Die nächste Überraschung dann heute morgen… aber da sagt ein Bild mit einer Panoramasicht in den Stadthafen von Stavanger wohl mehr als tausend Worte:

Kurz vor Stavanger!

Jetzt sind wir also fast da. Die Fahrt über den Skagerrak ist geschafft. Wie schon befürchtet zwar nur unter Motor, aber dafür sehr entspannt. Teilweise war es fast schon das Gefühl, auf dem Wannsee zu schippern. Das mit dem Segeln hatte in Dänemark ja wunderbar geklappt. Immer ein schöner Westwind in verschiedenen Stärken, auch recht wechselhaft mit nassen Überraschungen, aber alles in allem ein wunderbarer Segeltörn. In Norwegen schnellt dagegen der Dieselverbrauch in die  Höhe. Wenig Wind und wenn, dann aus der falschen Richtung. Für die nächsten Tage ist weitgehend Flaute angesagt… einzige Ausnahme sind die 6-7 Bft. in der Nacht von Mittwoch auf Donnerstag, die wir dann im Hafen „genießen“ werden.
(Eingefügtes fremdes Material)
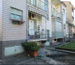 Al piano rialzato (primo fuori terra), appartamento composto da ingresso, soggiorno-pranzo, due camere, disimpegno, bagno, scala interna collegante con il piano seminterrato e balcone; Al piano seminterrato, tre locali a uso cantina adiacenti e vano centrale termica.
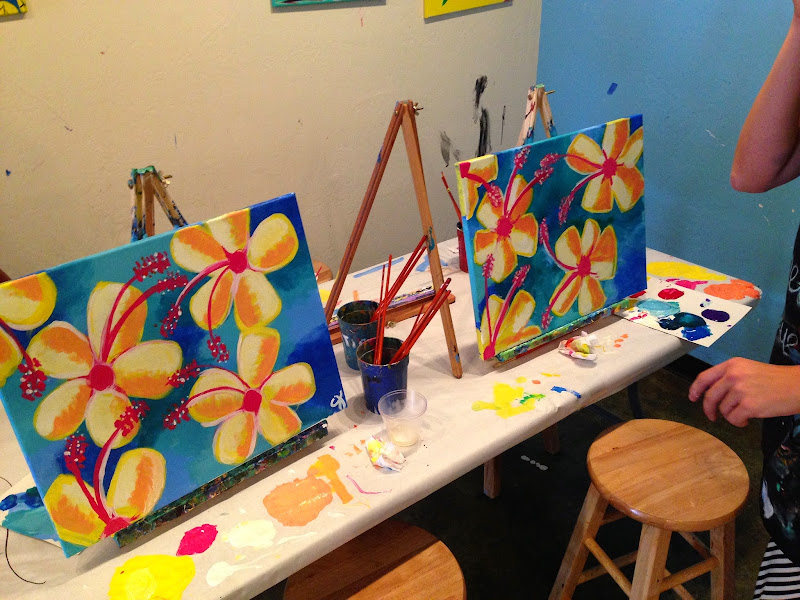 Us Joy ladies got our paint on in Scottsdale last weekend while I was in town. We had such a blast. The whole paint and wine night has really caught on in the Phoenix area. Surely you’ve heard of it or have a brush bar of some kind near you! My sister and I wanted to do something special with my Mom while I was home, so we booked a morning date at the Brush Bar in Scottsdale for some mimosas and hawaiian flowers. We couldn’t stop smiling while we painted and took in the atmosphere. Pretty sure we’re going to go back over the holiday. My mom definitely did the best. She has some mad blending skills ;)
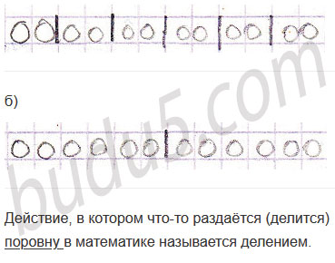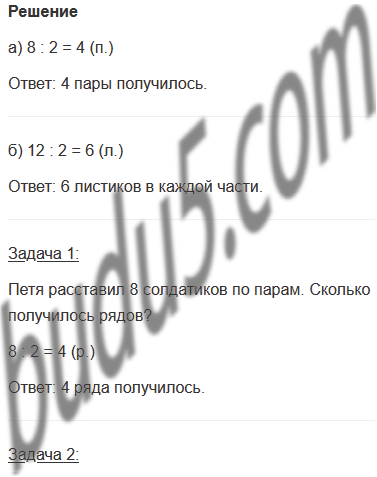 а) 12 листиков разделили на равные части по 2 листика в каждой. Сколько получилось частей?
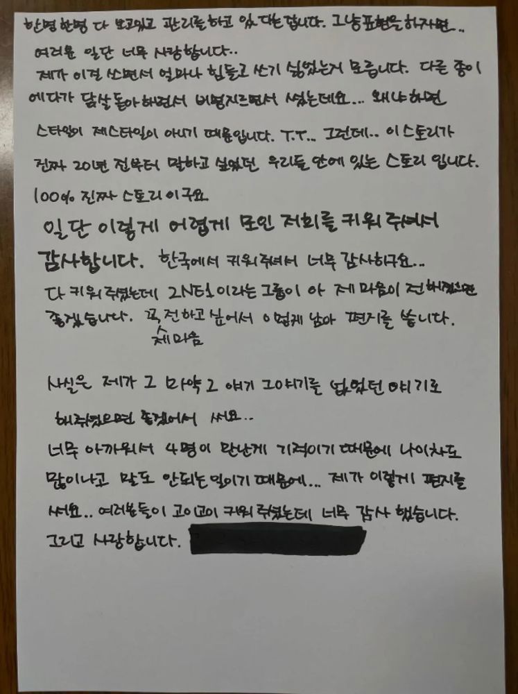 其实我写下这些的目的是希望大家把之前那个吸毒的事当成从未发生过。因为太可惜了,我们四个人的相遇是奇迹,年龄差也很大,那件事太荒唐了……所以我写下了这封信。感谢大家珍惜我们、把我们养大,非常感谢,爱你们。
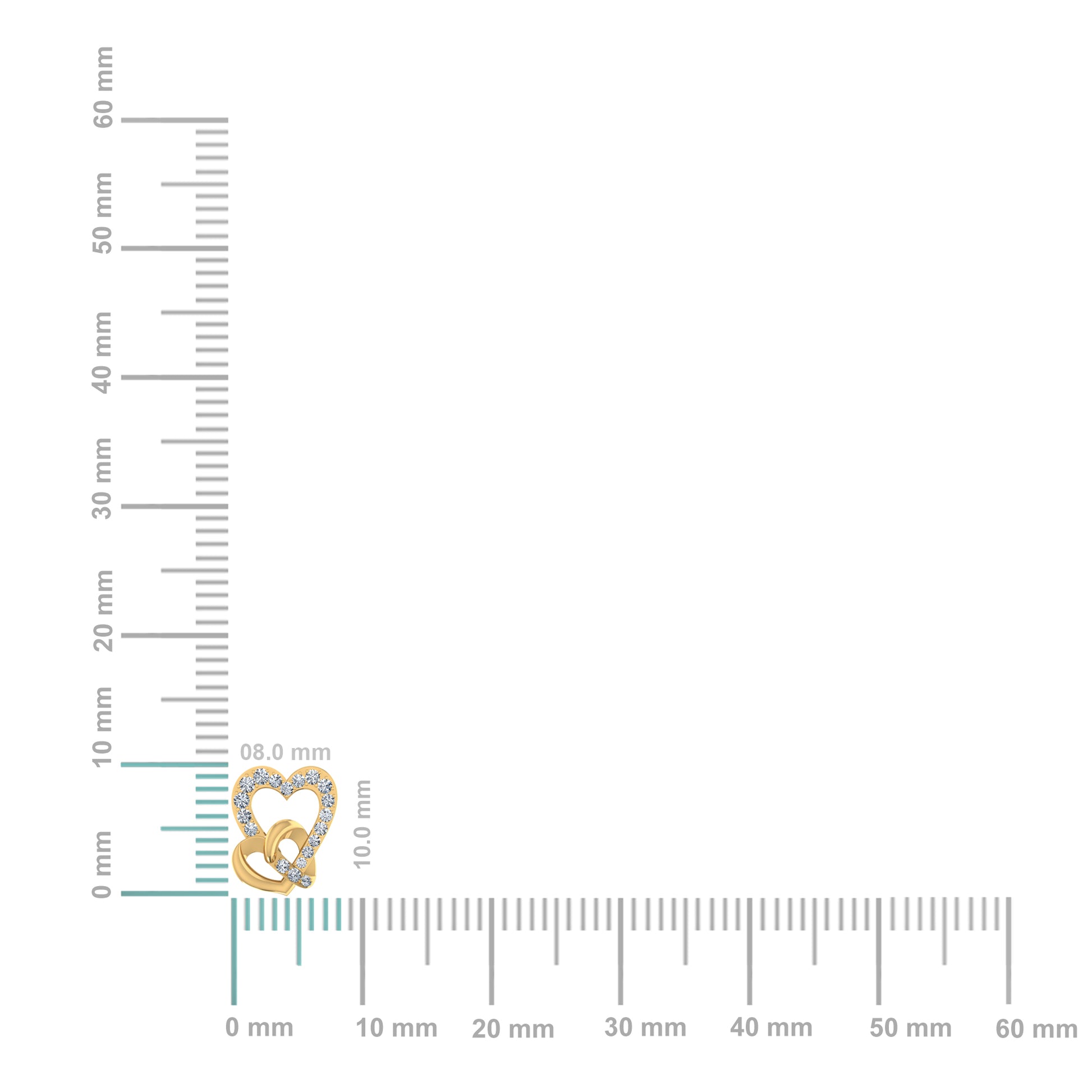 10K Yellow Gold Round Diamond Double Heart Stud Earrings 1/5 Cttw
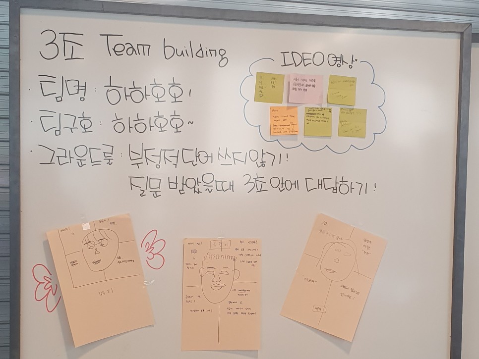 이어 팀 명과 팀 구호, 그라운드 룰을 정하면 팀 별 디자인씽킹 준비는 끝이 납니다.
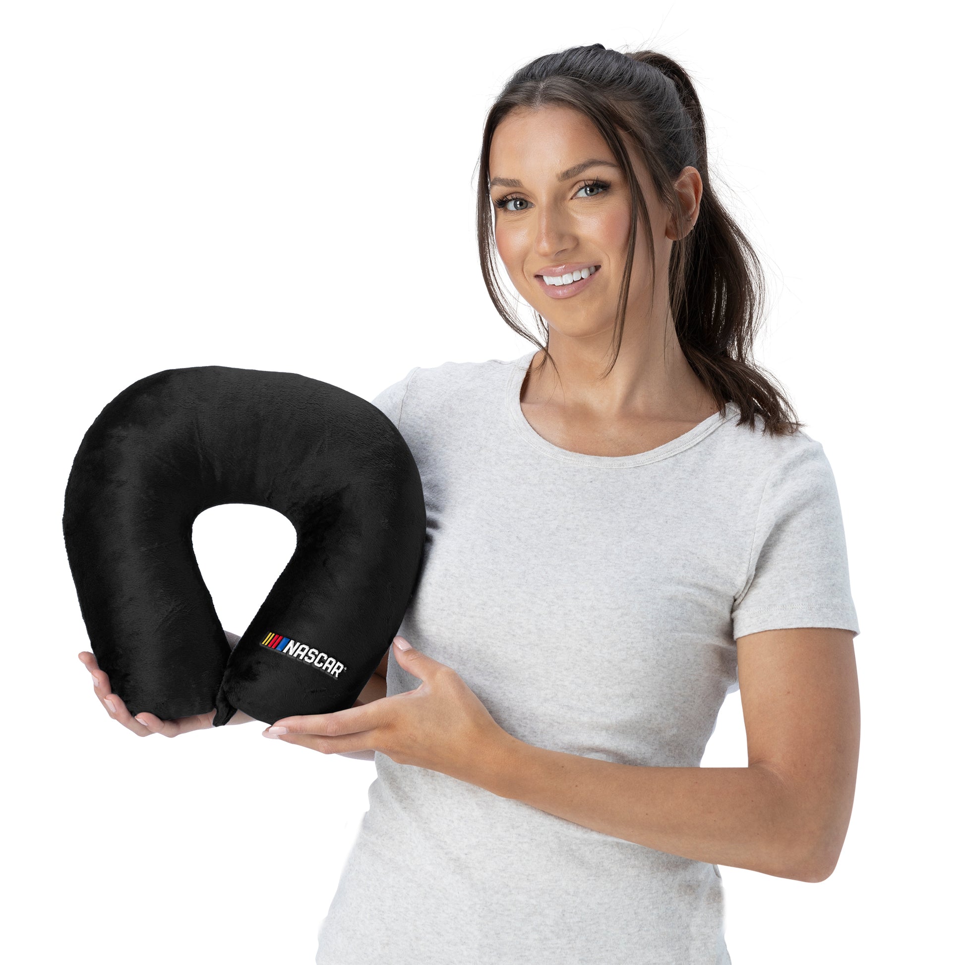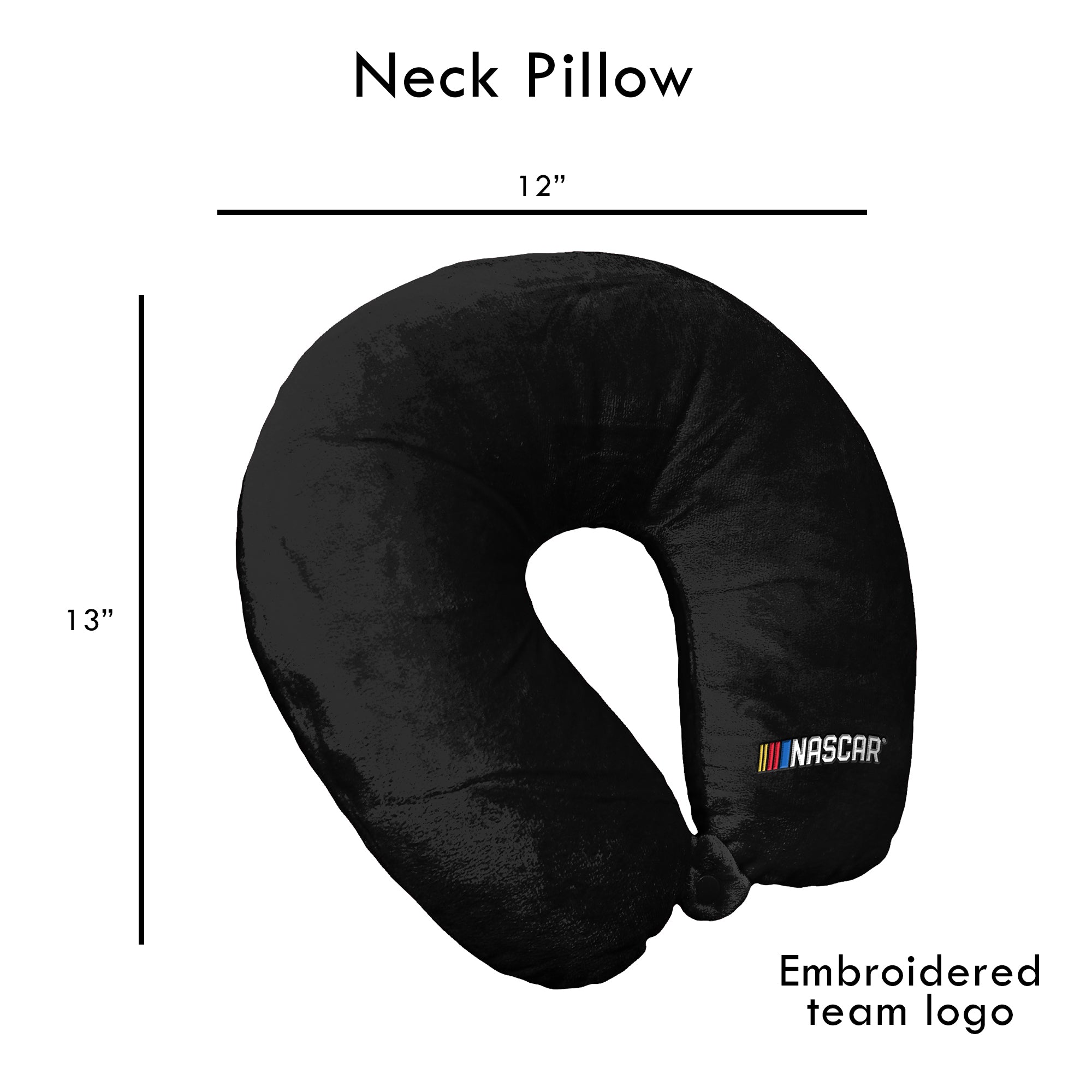 Cushioned travel comfort hits the fast lane with the NASCAR “Logo” Neck Pillow, designed to support your neck whether you're on the road, in the air, or relaxing at home. Wrapped in ultra-soft black fabric and shaped to cradle you with plush, ergonomic cushioning, it features the bold NASCAR logo in vibrant red, yellow, blue, and black for a clean, sporty look. Lightweight, supportive, and Officially Licensed, it keeps you comfortable no matter the distance. A perfect gift for fans who never miss a race—and never pass up a good nap—this neck pillow brings NASCAR pride to every journey. Relaxation and racing spirit have never paired so well.
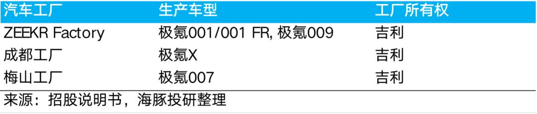相比于目前多数新能车都开始自建产能,而极氪还是用的吉利“代工”的生产 模式:
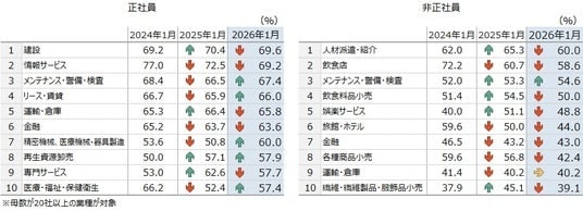 非正社員では、「人材派遣・紹介」が2025年7月以来のトップとなったが、唯一6割となった。これまで上位にランクしていた「飲食店」「旅館・ホテル」など改善傾向にある。一方で、「メンテナンス・警備・検査」は高水準で推移しており、正社員・非正社員ともに前年同月から上昇している。企業からは「人材確保が困難な状況が継続し、売り上げに影響している。従業員の高齢化も進み、今後もこのような状況は継続していくものと推察される」(警備、新潟県)といった声が聞かれた。
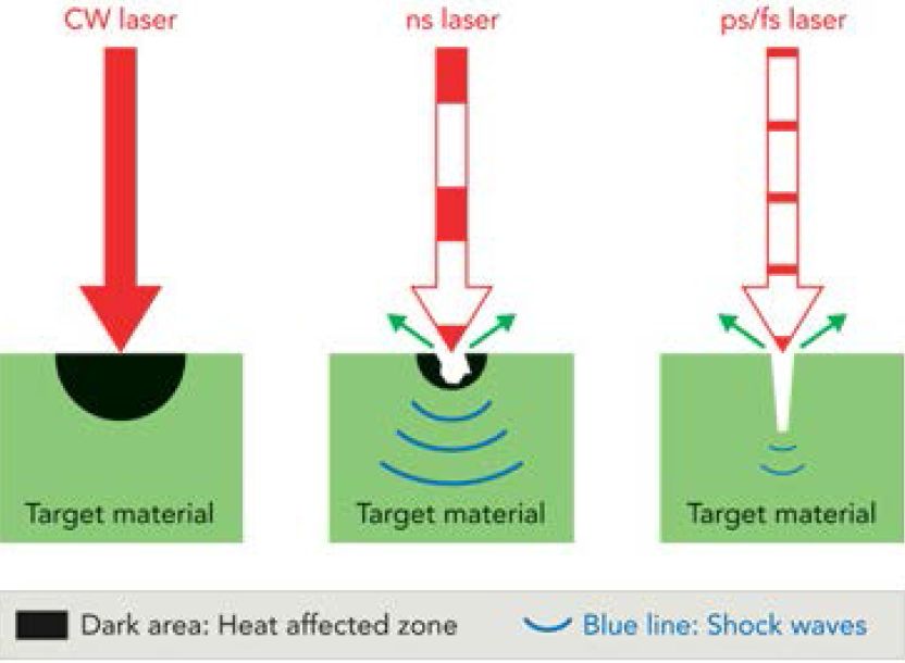 人們很早就嘗試?yán)眉す膺M(jìn)行微加工。但是由于激光的長脈沖寬度和低激光強(qiáng)度造成材料熔化并持續(xù)蒸發(fā),雖然激光束可以被聚焦成很小的光斑,但是對材料的熱沖擊依然很大,限制了加工的精度。唯有減少熱影響才能提高加工質(zhì)量。

Noch ein Wort zu den Hafengebühren in Norwegen. Diese kann ich nur lobend erwähnen. Währen wir die letzten zwei Nächte in Dänemark jeweils 38€ blechen durften, fahren wir hier ausgesprochen günstig. Die erste Nacht lagen wir – lieb nachgefragt – kostenlos am Privatsteg eines Supermarktes, danach in Flekkefjord die erste Nacht gratis, die zweite Nacht 5,50€ am Parkscheinautomaten bezahlt, letzte Nacht vor Anker und hier in Tananger zahlt man für eine Allures 39.9 (also unter 40 Fuß) ca. 11€. Da kann sich so mancher Ostseehafen mal ein Beispiel dran nehmen :-)

 

Vor dem Absprung…

Also eigentlich ist es ja nur ein kleiner Hüpfer über den Skagerrak. Aber so gnädig (wenn auch nicht lieb… doch dazu nächstes Mal mehr) der Wettergott auf der Überführung von Kühlungsborn nach Stavanger bisher war, so öffnet er uns nun auch noch ein Wetterfenster Richtung Norwegen. Ok, segeln wäre zwar schön und hat bisher auf wunderbar funktioniert… aber die nächsten 130sm werden wir wohl als Motorboot zurücklegen. Wie auch immer, diese Option in einem windarmen Skagerrak ist uns immer noch um einiges lieber als gegen die vorherrschenden starken Westwinde der letzen und später folgenden Tage anzugehen. Das nächste Mal dann aus Norwegen!